Please give the number of lines in the records below where the word "dětí" occurs, and nothing else.

» **SUPPLIED RECORDS**:
----
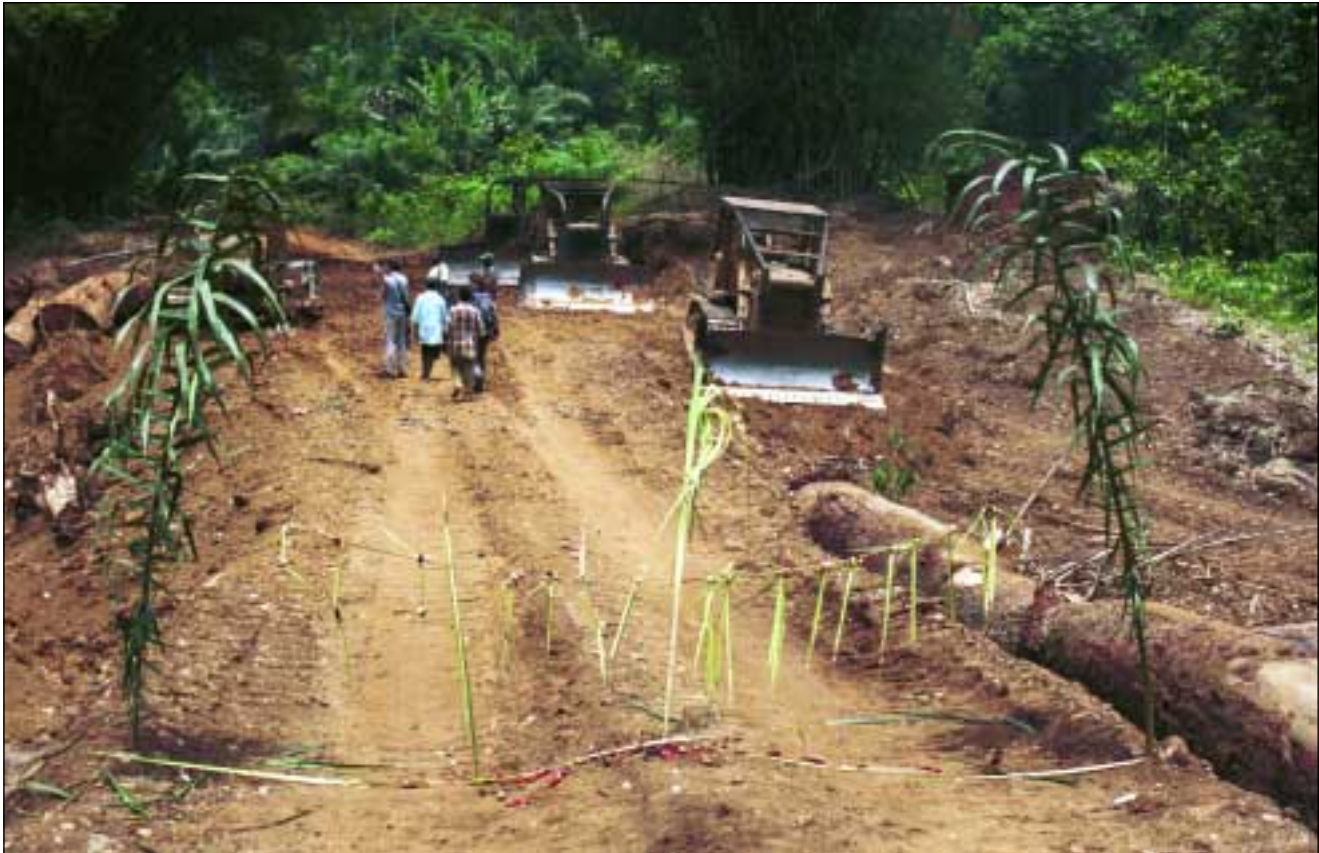
Traditionele blokkade die door de inwoners van Molongo is opgeworpen om de houtkapactiviteiten van Reef te stoppen.
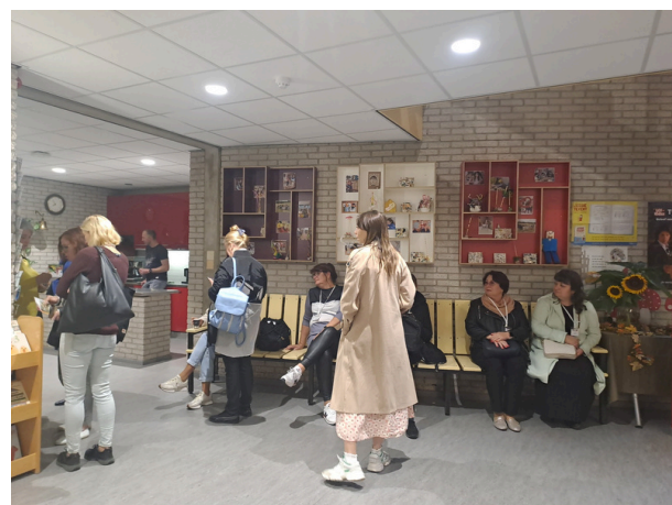
FOTOD: VAIDA KOOLI ÕPETAJAD
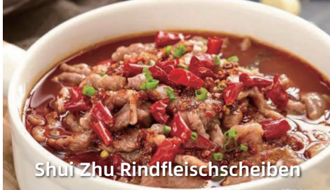
Shui Zhu Rindfleischscheiben

Serviert mit gedämpftem Calrose Reis Served with steamed Calrose rice 配玫瑰白米饭
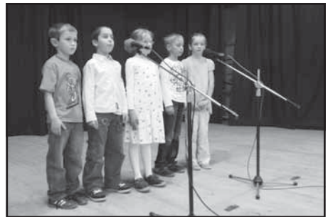
Vystoupení dětí ze ZŠ v Kunvaldě

A začalo zábavné odpoledne. Naši nejmenší, mají úspěch největší, to je klasika - vystoupení dětí z mateřské školky jen potvrdilo pravidlo. Děčka byla úžasná. Vystoupení žáků základní školy bylo hezké a člověka muselo napadnout, jaká trpělivost a láska
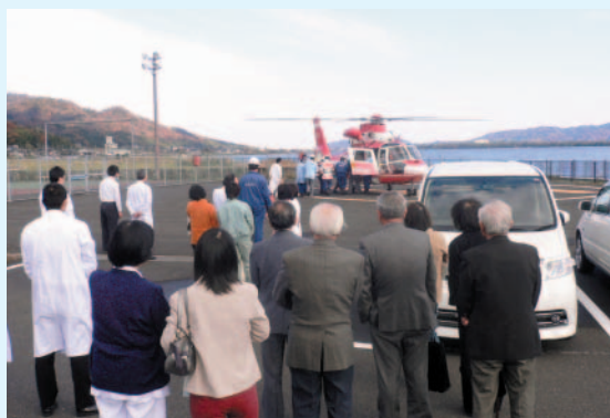
第2回病院モニター（12月6日）ではヘリコプターによる緊急搬送を見学していただきました。

※QCサークルとは一般に仕事の改善を自主的に行う小グループ活動を意味しています。当院では経営改善と患者様へのサービス向上を図るために、多くの有志職員が取り組んでいます。
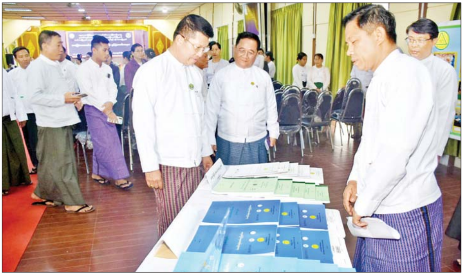
ကြီးကြပ်မှုကော်မတီနာယက တိုင်းဒေသကြီးဝန်ကြီးချုပ်နှင့် ဧည့်သည်တော်များက ခင်းကျင်းပြသထားသည့် အခြေခံစာတတ်မြောက်ရေးလုပ်ငန်းမှတ်တမ်းဓာတ်ပုံများ၊ သင်ထောက်ကူပစ္စည်းများနှင့် ထောက်ပံ့ပစ္စည်းများကို လှည့်လည်ကြည့်ရှုပြီး နည်းပြဆရာ ဆရာမများ၊ စာသင်သားများအား ရင်းရင်းနှီးနှီးနို့ဆက်ဆက်ခွဲကြောင်း သိရသည်။ တိုင်းဒေသကြီး(ပြန်/ဆက်)

ထို့နောက် တိုင်းဒေသကြီးဝန်ကြီးချုပ်၊ တိုင်းဒေသကြီးတရားသူကြီးချုပ်နှင့် ညွှန်ကြားရေးမှူးချုပ်တို့က စာသင်သားများအား အမှတ်တရလက်ဆောင်ပစ္စည်းများပေးအပ်ပြီး အခြေခံစာတတ်မြောက်ရေးလုပ်ငန်း
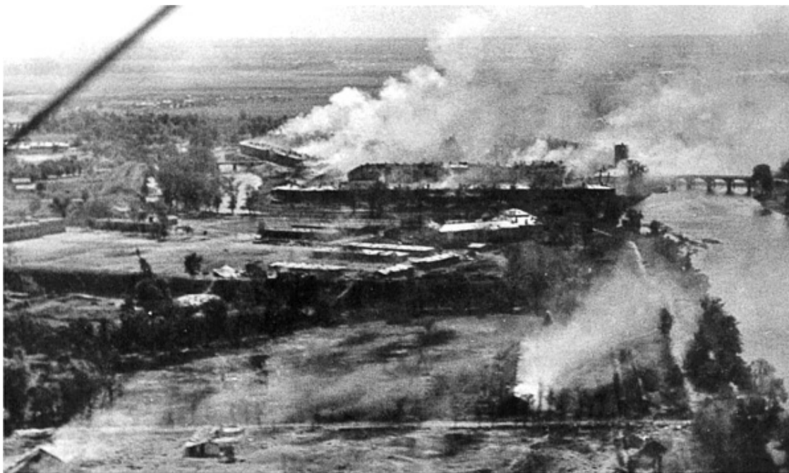
Штурм Брестской крепости 22 июня 1941 года

Первым советскую границу перешел диверсионный отряд «Бранденбург». Выводилась из строя связь, расчищались мосты и дороги. Следом волна за волной хлынула пехота, танки и авиация.
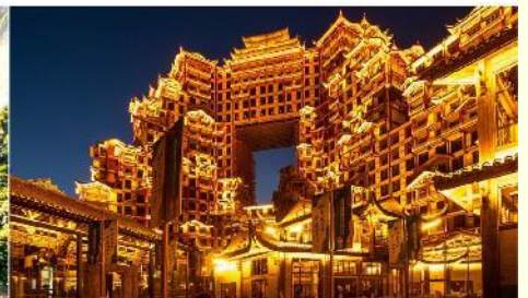
ตึก 72 ชั้น

*ทางบริษัทฯ ขอสงวนสิทธิ์ในการสลับโปรแกรมทัวร์ตามความเหมาะสมขึ้นอยู่กับสถานการณ์หน้างาน โดยคำนึงถึงผลประโยชน์ของลูกค้าเป็นสำคัญ
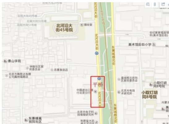
图5 百度地图上的平桥

实地踏查中发现，平桥所在此段御河现已成北河沿大街及旁边的绿化带，而平桥曾经所在位置大概就在北河沿大街上，（图6）百度地图中的红色区域位置。（图5）
----
» **EXERCISE RESULT**: 2